DESCRIPTION OF THE TASK: Please set down only the lines from the one containing "بالسینی افزود: میانگین" through the end of the entries below, exactly, minus any pictures.

SOURCE RECORDS:
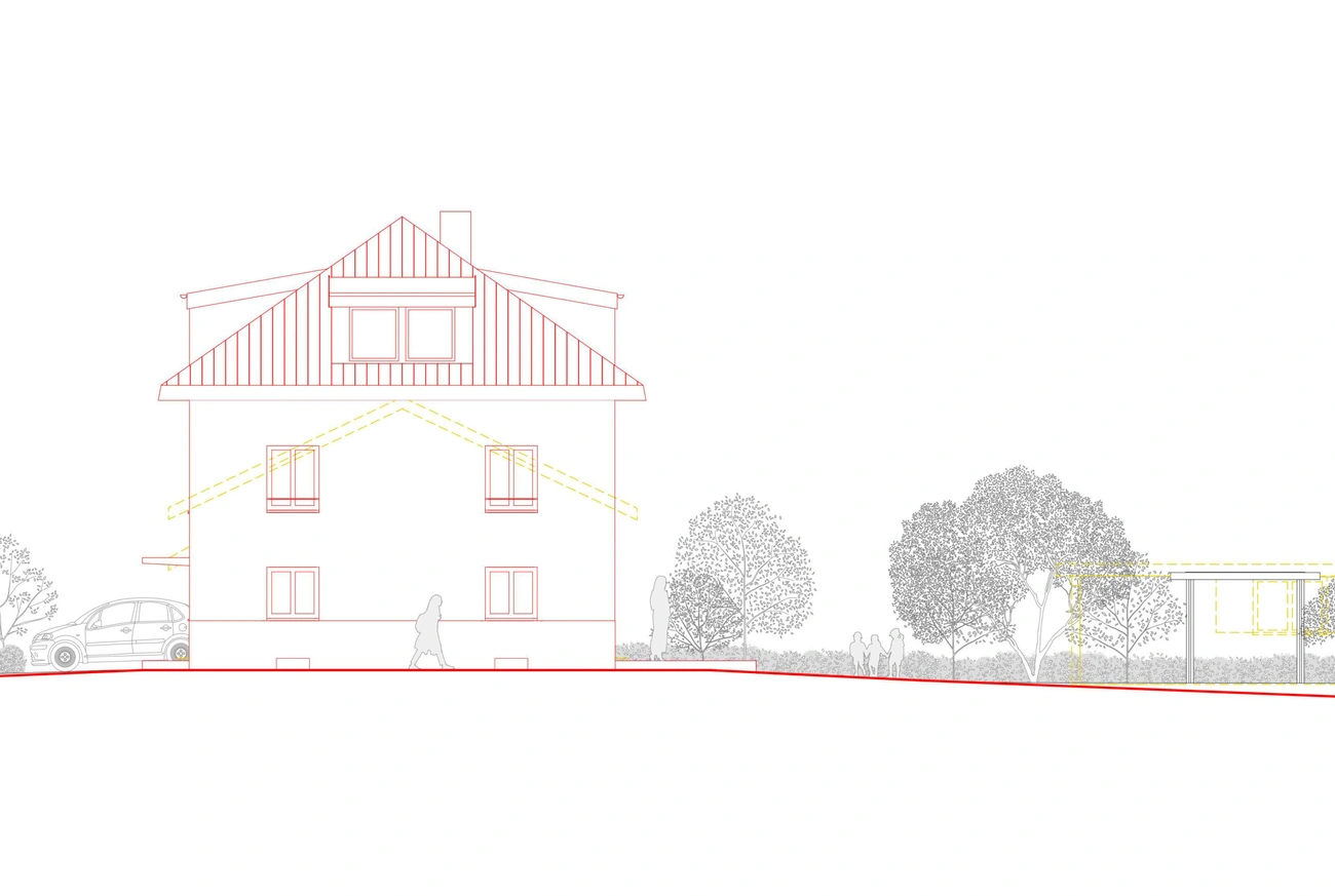 Dieses Haus befindet sich in einer Umgebung, in der Häuser ohne besondere Rücksicht auf ihre Umgebung gebaut werden – gebaut wie Objekte inmitten eines Grundstücks. Daher war die Idee des Städtebaus, ein sehr präzises Volumen zu schaffen, das das Haus völlig neu ausrichtete: die Hauptausrichtung des Gebäudes zu verändern, es in Richtung seines grossen Gartens zu lenken und einen Abschluss zur Hauptstrasse zu schaffen. Die Konstruktion ist einfach, aber anspruchsvoll.
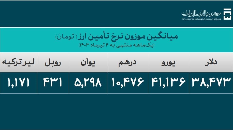 بالسینی افزود: میانگین موزون نرخ ارز یک ماهه منتهی به 4 تیر، 38 هزار و 473 تومان برای دلار، 41 هزار و 136 تومان برای یورو، 10 هزار و 476 تومان برای درهم و 5 هزار، 298 تومان برای یوآن، 431 تومان برای روبل و 1هزار و 171 تومان برای لیر محاسبه شده است.
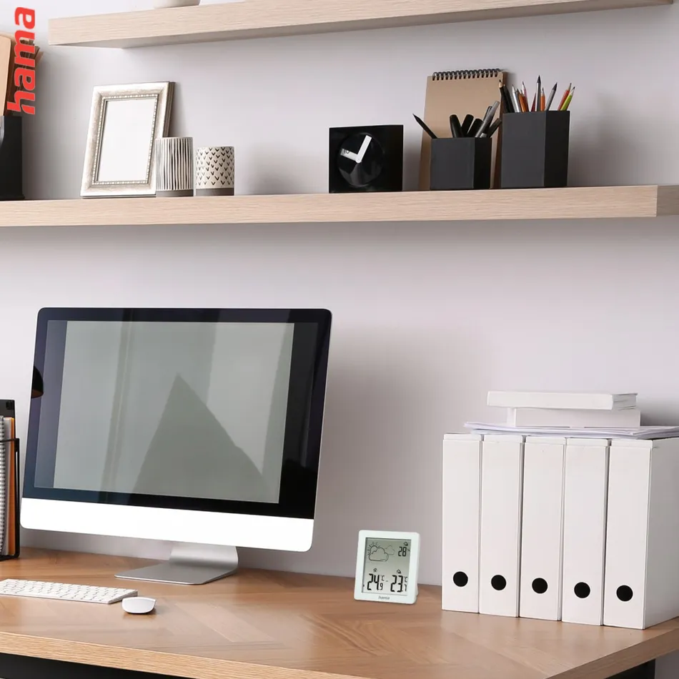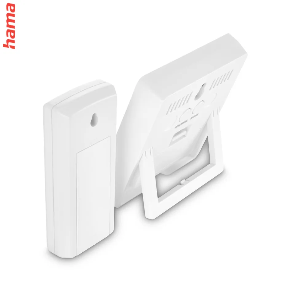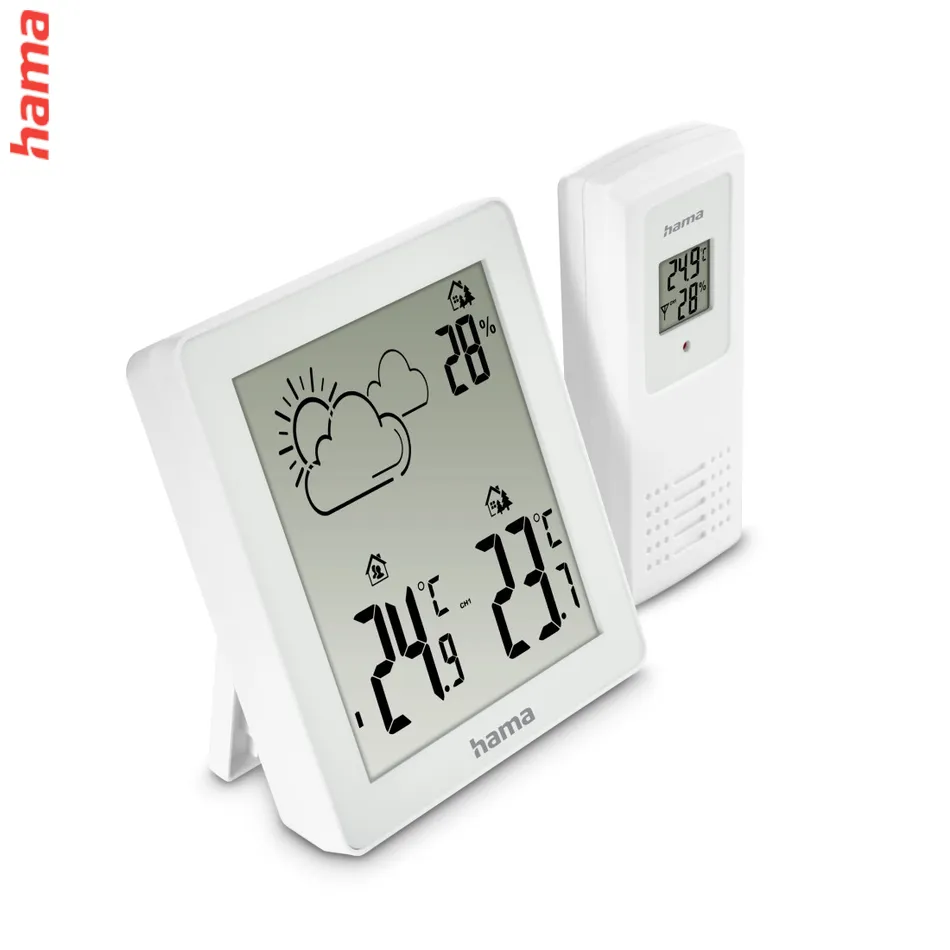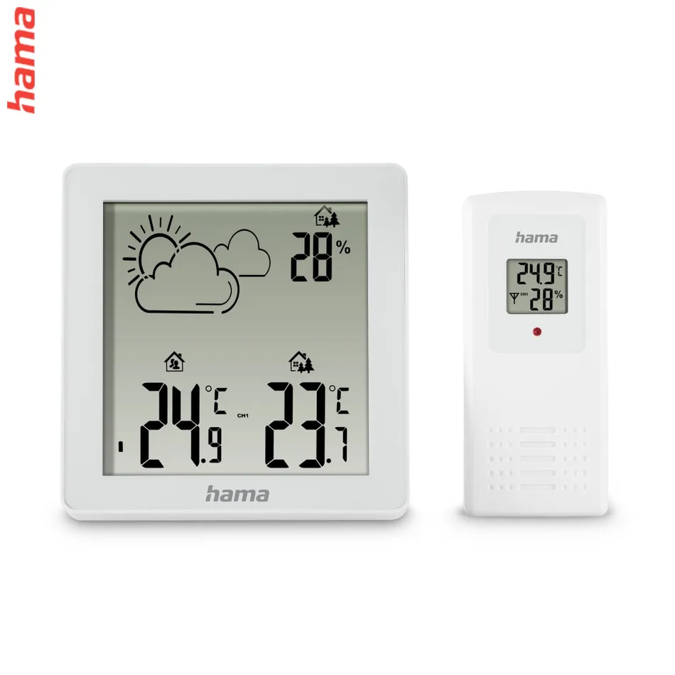 Hama Zakynthos je praktická dvojdielna meteostanica s jednoduchým ovládaním a moderným bielym dizajnom. Bezdrôtový senzor umožňuje merať teplotu a vlhkosť vo vnútri aj vonku až do vzdialenosti 50 metrov. Prehľadné symboly na displeji zobrazujú aktuálnu predpoveď počasia.
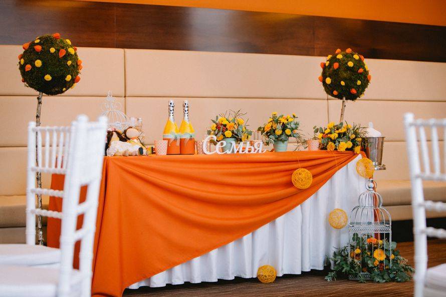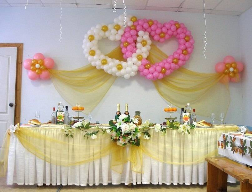 Если молодые предпочитают более сдержанный стиль, на столе можно оставить минимум необходимого, зато оформить красиво задник. Или даже сочетать несколько предложенных вариантов.
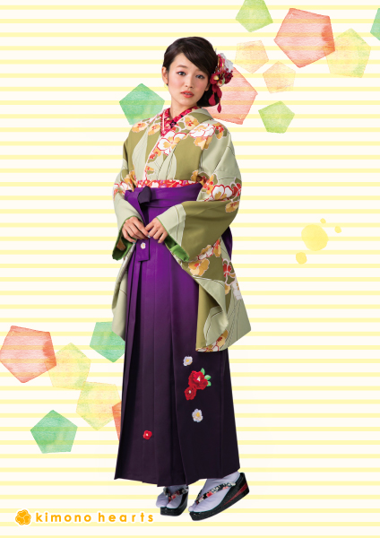 シックな抹茶色にさりげない花柄のレトロな二尺袖袴は紫のグラデーション
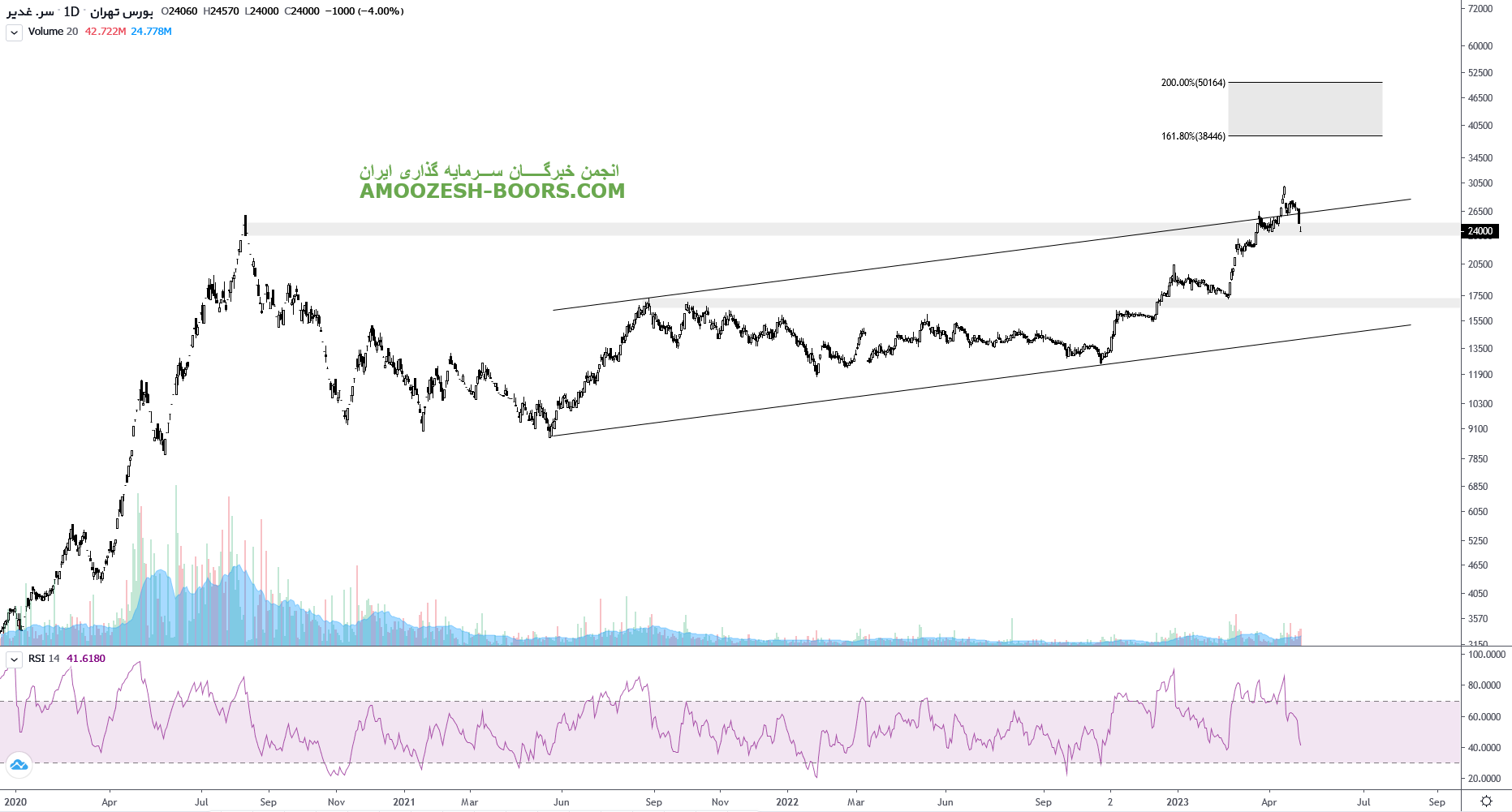 نماد وغدیر در حال حاضر به محدوده حمایتی میدلاین کانال در قیمت 16000 ریال میباشد، در صورت تثبیت قیمت حرکت سهم تا 25000 ریال ادامه دار خواهد شد، همچنین در صورت از دست رفتن محدوده حمایتی ذکر شده، حمایت بعدی 13500 ریال در نظر گرفته خواهد شد.

YOUR RESPONSE:
 بالسینی افزود: میانگین موزون نرخ ارز یک ماهه منتهی به 4 تیر، 38 هزار و 473 تومان برای دلار، 41 هزار و 136 تومان برای یورو، 10 هزار و 476 تومان برای درهم و 5 هزار، 298 تومان برای یوآن، 431 تومان برای روبل و 1هزار و 171 تومان برای لیر محاسبه شده است.
 Hama Zakynthos je praktická dvojdielna meteostanica s jednoduchým ovládaním a moderným bielym dizajnom. Bezdrôtový senzor umožňuje merať teplotu a vlhkosť vo vnútri aj vonku až do vzdialenosti 50 metrov. Prehľadné symboly na displeji zobrazujú aktuálnu predpoveď počasia.
 Если молодые предпочитают более сдержанный стиль, на столе можно оставить минимум необходимого, зато оформить красиво задник. Или даже сочетать несколько предложенных вариантов.
 シックな抹茶色にさりげない花柄のレトロな二尺袖袴は紫のグラデーション
 نماد وغدیر در حال حاضر به محدوده حمایتی میدلاین کانال در قیمت 16000 ریال میباشد، در صورت تثبیت قیمت حرکت سهم تا 25000 ریال ادامه دار خواهد شد، همچنین در صورت از دست رفتن محدوده حمایتی ذکر شده، حمایت بعدی 13500 ریال در نظر گرفته خواهد شد.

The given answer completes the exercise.